Practical Parenting Ideas

Was it the whine?

The Nov./Dec. issue of Group reported on a study of what happens when kids whine. "When researchers asked mothers to keep a record of how many times their children whined for something, they found that the average was five times a day . . . every single day." (This may seem low to some.) "These mothers also reported as many as 45 percent of their purchases directly resulted from their kids pestering them. No wonder teenagers can’t just say no to cigarettes, illegal drugs, alcohol, and sex."

I have mixed thoughts on this. First, I do think that giving in to whining can escalate demands and reinforce the notion that whining is a great way to get what you want in life. When we give in to whining, we’re not helping our children. We’re just trying to take a shortcut to our own ease.

But I don’t think that the only or best alternative to whining is to "just say no." I think we need to help kids deal with their desires and the mistaken notion (drilled into their heads by endless commercials) that they need "stuff" to make them happy. What can you do instead?

1 Offer alternatives. (We can go to the library. Let’s make cupcakes. Let’s sing a song.)

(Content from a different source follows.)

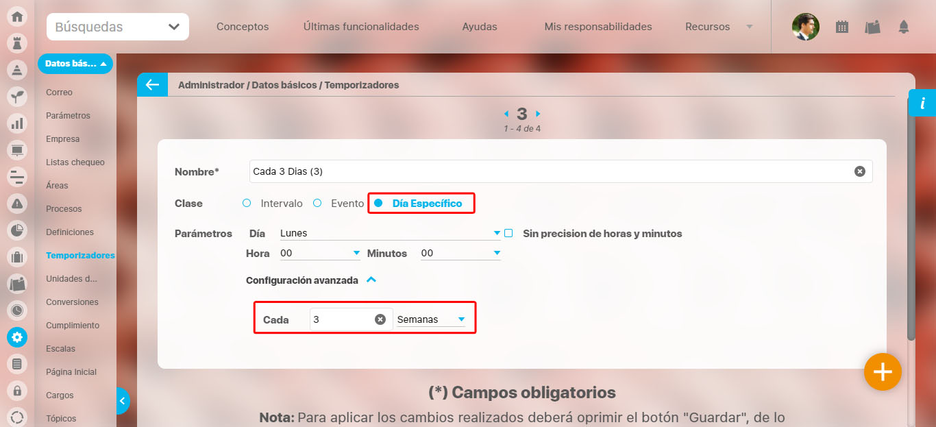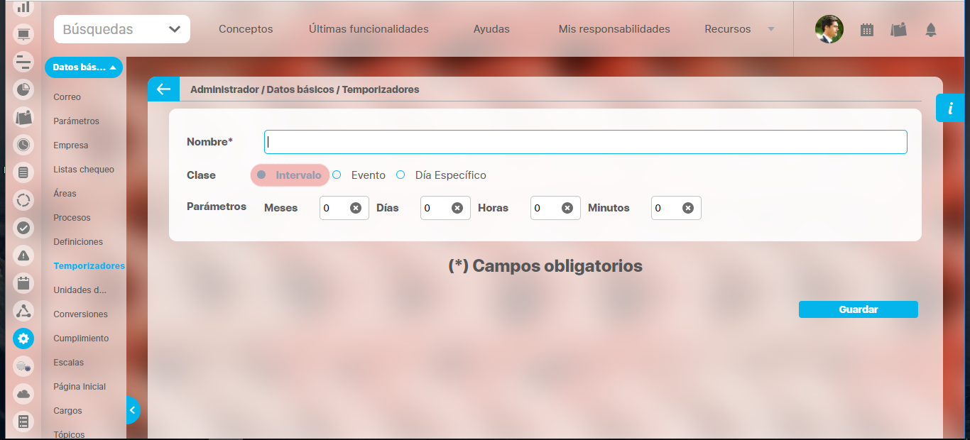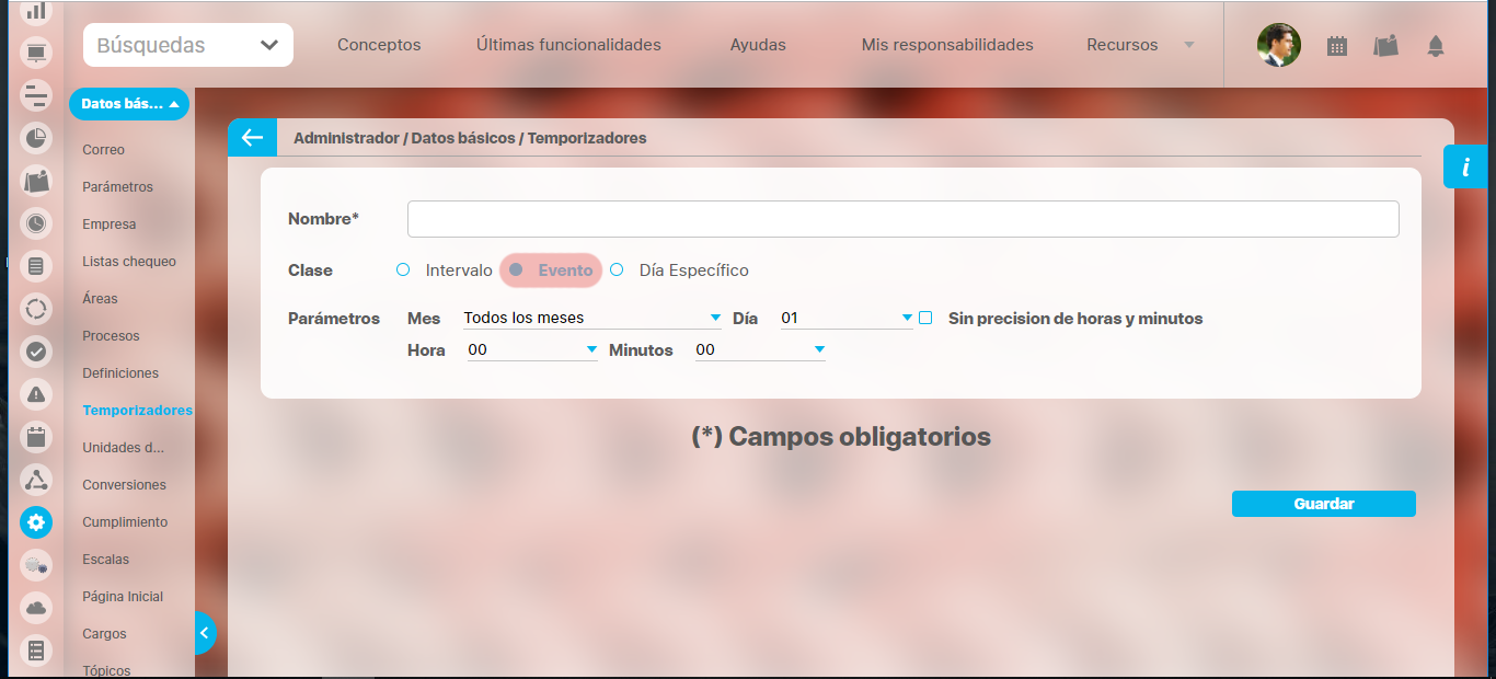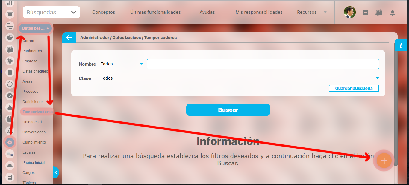 Haga clic en la opción "Temporizadores" del menú lateral Datos Básicos,

2 Encourage them to channel that energy from acquisitiveness to creativity. Creativity brings its own satisfactions that far outweigh the fleeting pleasure of buying a trinket or bit of junk food. Have supplies on hand for drawing, finger painting, model-making, investigating, exploring, and other creative play.

3 Explain your limits. Saying "we can’t afford to spend a lot of money on candy" in a matter-of-fact voice gives good information to your kids.

4 Turn off the TV. Would you invite toy salespeople into your living room every Saturday morning to whip your kids’ acquisitiveness into a frenzy? Better they should listen to the birds sing.